Spring all year round
Between April and December 2020, due to COVID-19, it was difficult for me to continue my photographic research, since I could not welcome models for my projects. While browsing the Internet, I noticed that there were artists who offered virtual sessions with models who sometimes lived thousands of kilometers away. I then had the idea of setting up a bellows device in front of a computer to convert digital representations into wet collodion. I wanted to revisit previous productions and “recontextualize”, reinterpret my favorites. The result turned out to be so interesting that I made a series. In this way, I have anchored ancient processes with the technology of today.
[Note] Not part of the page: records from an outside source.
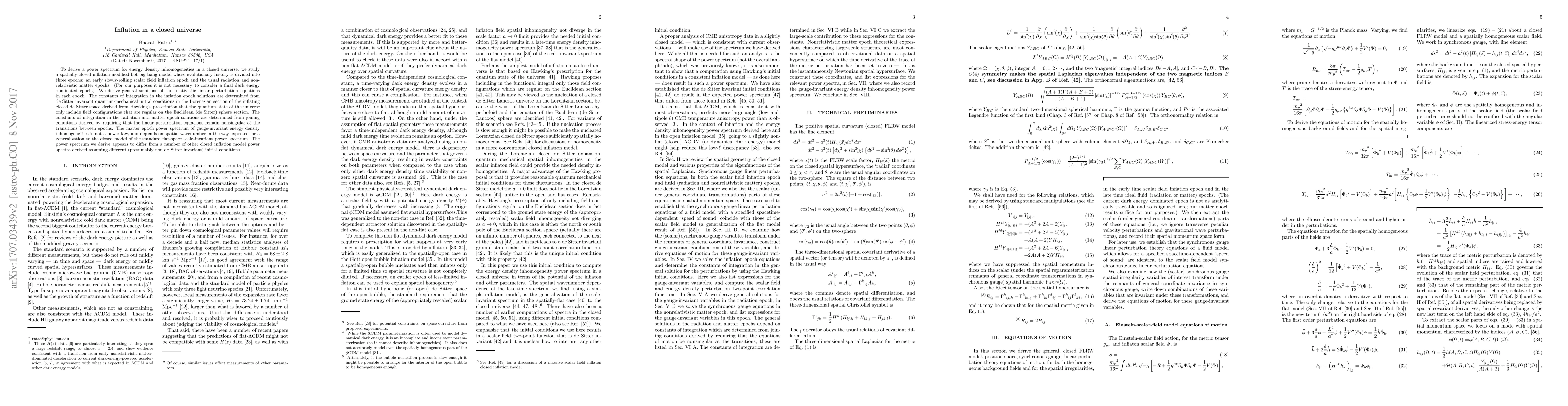 This paper derives a power spectrum for energy density inhomogeneities in a closed inflationary universe, solving relativistic linear perturbation equations across three epochs: inflation, radiation, and matter. It uses de Sitter invariant quantum initial conditions for inflation and nonsingular joining conditions for epoch transitions, resulting in a non-power law matter epoch power spectrum differing from other closed inflation models.
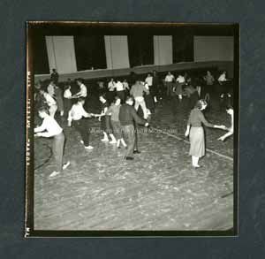 Black and white photograph of a school dance. Students are in the gym dancing. Some are sitting on benches in the back. On back stamped in ink, "Photograph by Dan Noel, Dec 6 1957." Written in pencil, "673."
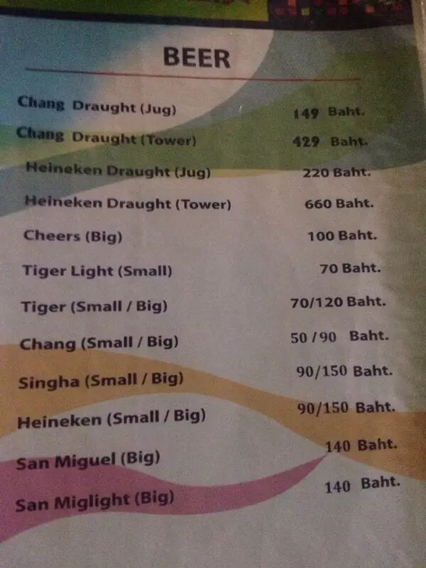 各个酒吧的啤酒价格都差不多,常见的国际品牌都有。放一些菜单实拍,免得大家担心宰客现象的出现。
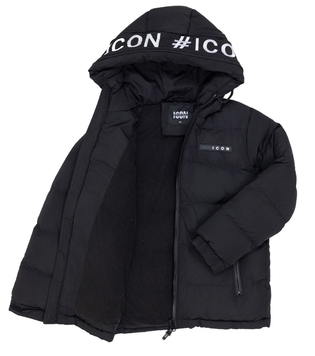 Stoere zwarte ICON winterjas voor jongens met fleecevoering, afritsbare capuchon en #ICON opdruk op de capuchon. Warm, sportief en perfect voor elk winterweer!
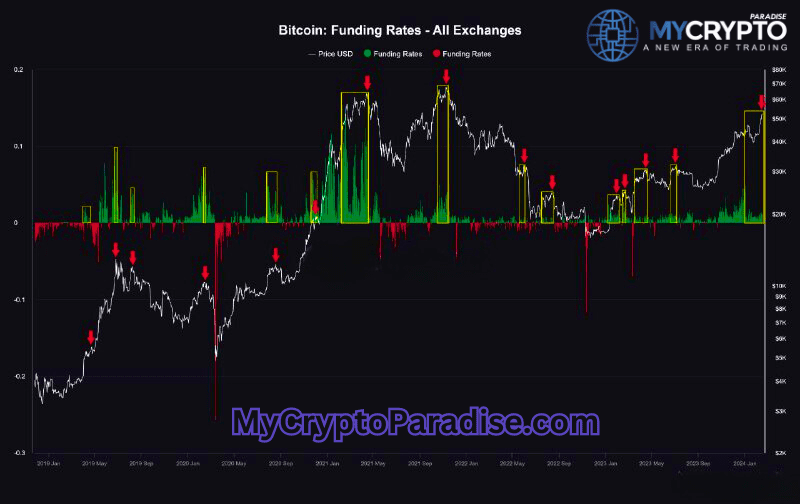 ????The Bitcoin funding rate bearish divergence is a warning sign for the bulls. This means that the Bitcoin price is reaching new highs, while the funding rate is dropping. This indicates that the market is overconfident and overleveraged. Historically, this has led to price declines in the short term.
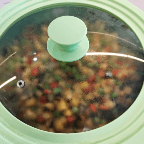 Через минуту убавить огонь, перемешать и накрыть крышкой.
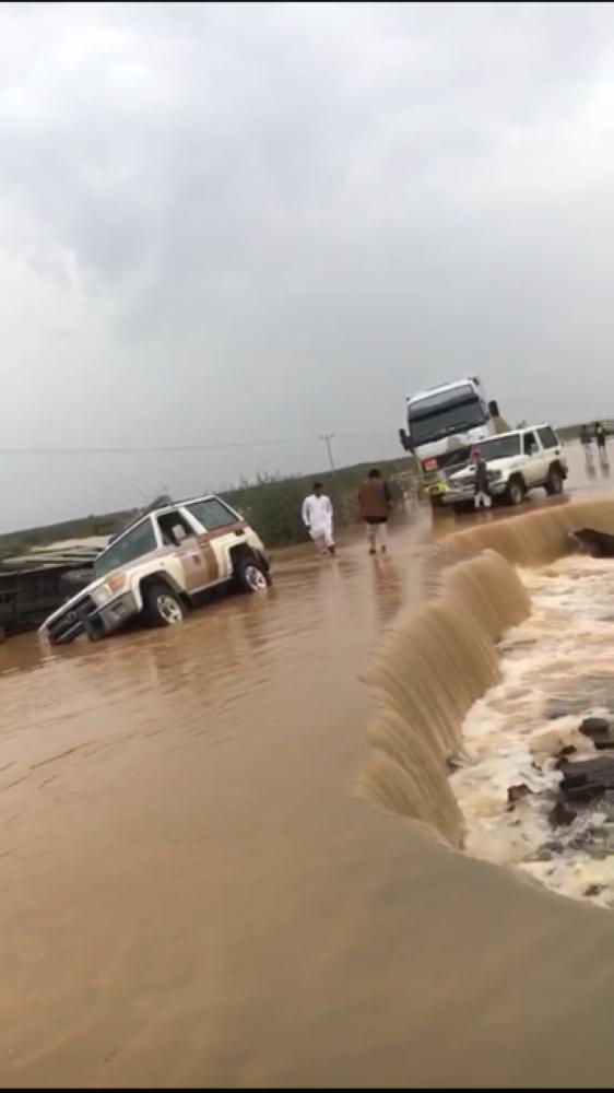 سيول منقولة في مهد الذهب تسبب خطورة على سالكي الطرق. (عكاظ)
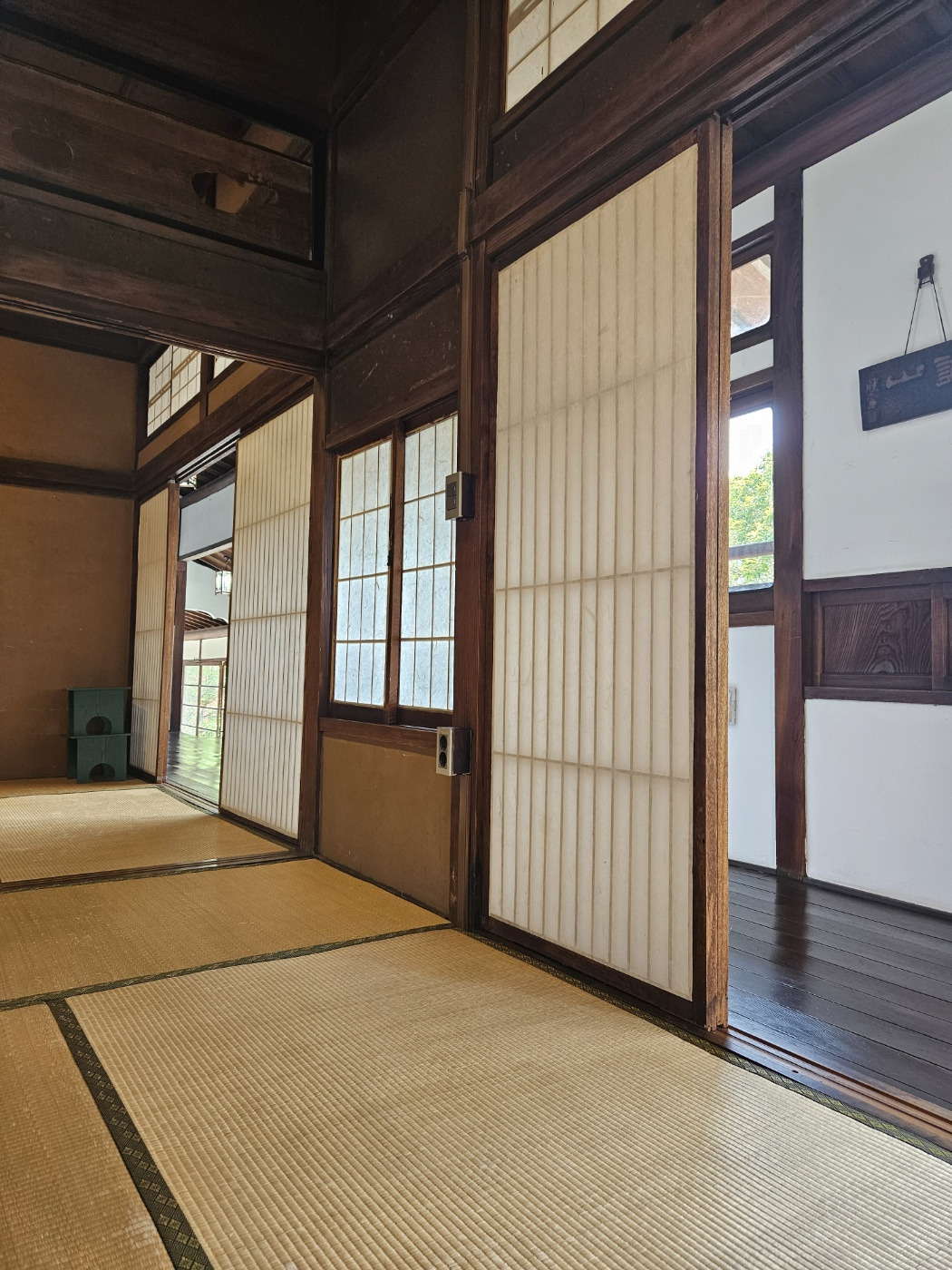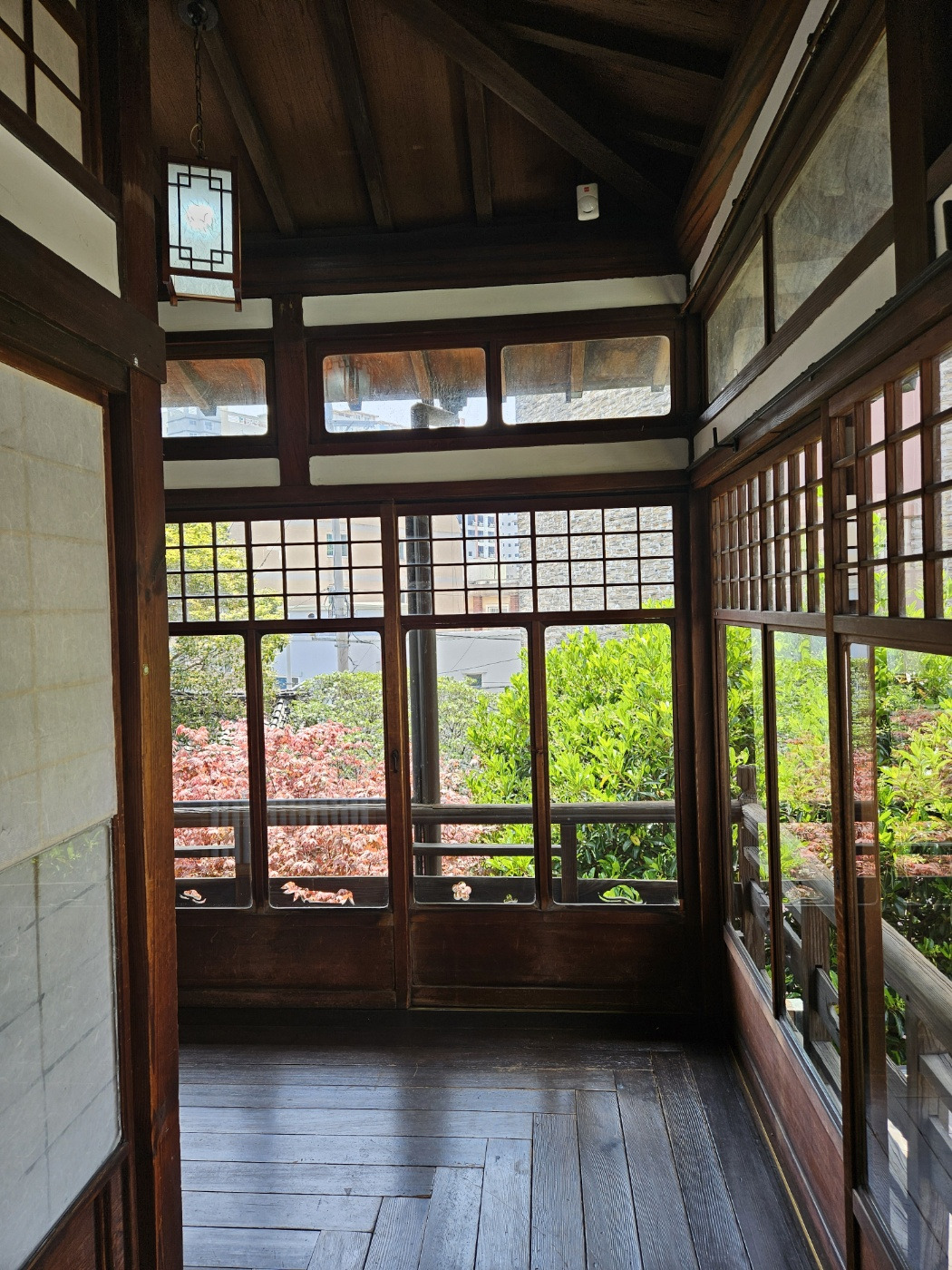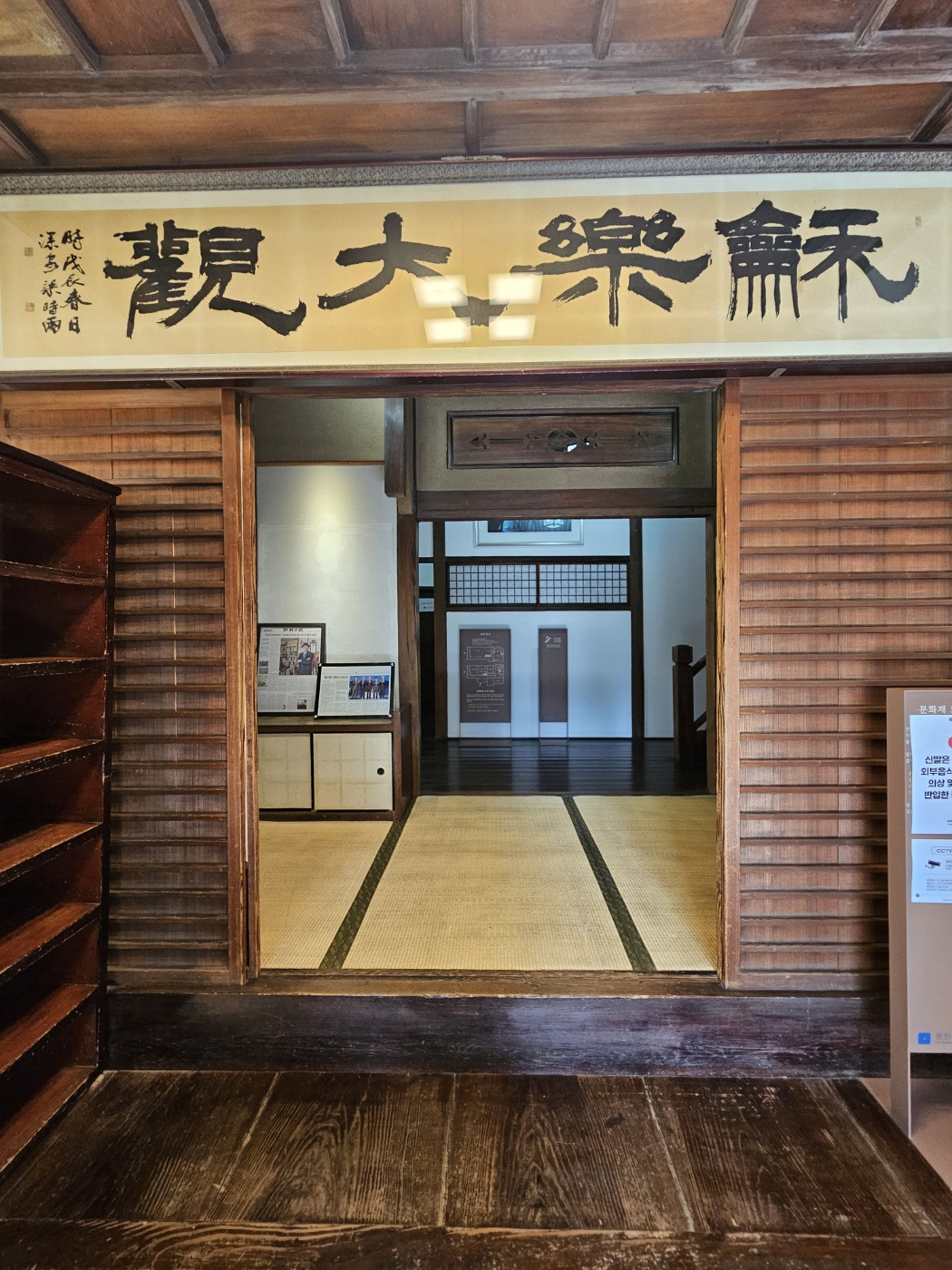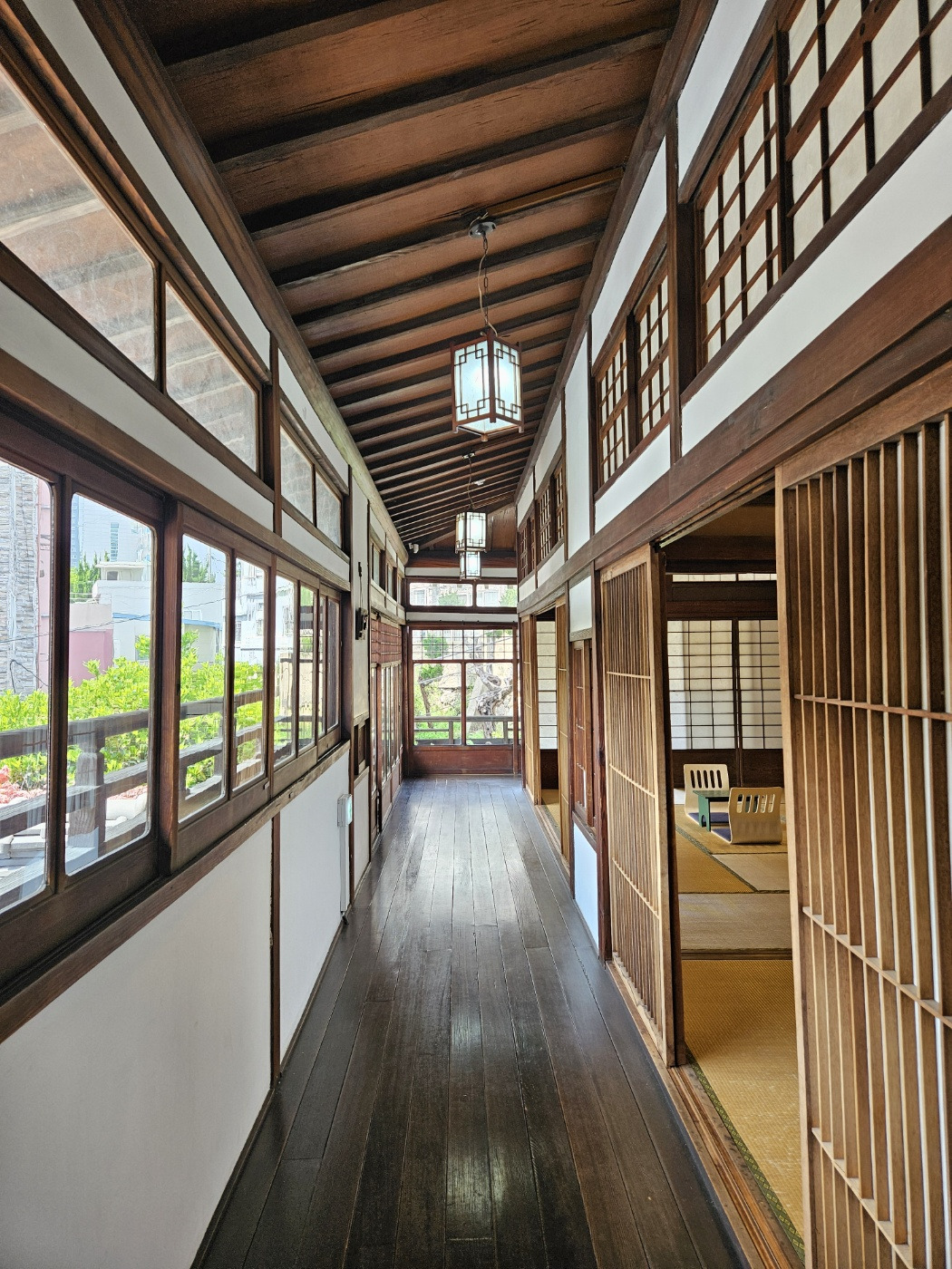 유리창으로 바깥의 풍경이 마치 그림액자처럼 보이는 복도를 돌면 벽이 아닌 미닫이 창으로 가려진 방을 볼 수 있다.

I have reached a stage in my life where I have to go back to the knowledge of the past to refine my current concepts.
Against the current technological speed of today, I try to find a speed that suits my aesthetic style. I record times rather than moments. On average, my shots for this project were between 8 to 20 minutes. With this ancient medium, I question the materiality of the image by highlighting errors, accidents, imperfections and the qualities of vagueness; it is the completely manual know-how that interests me. Thus, I am not in the service of a program or an automatic imaging machine.
Investing in slow photography means producing images that are recorded in all delicacy. The writing of time is visible on my performative and poetic representations: the collodion that has flowed onto the plate or even dried over time. Slow photography allows me to remain open to all the unforeseen events that disturb my initial intention, my mental concepts.
*As you know, the wet collodion technique is the process that replaced the daguerreotype in the late 1840s; It is this complex chemical method that is the origin of the term photography. Briefly, wet collodion is a technique developed by Frederick Scott Archer (1850). Using old processes, I make a yellowish syrup that I coat on an aluminum sheet (5×7 inches). Then I insert the latter into a bellows device from the beginning of the 20th century. Once the shot is taken, the matrix serves me as a positive. In the end, I digitize my aluminum plate to make large format prints on paper for exhibitions.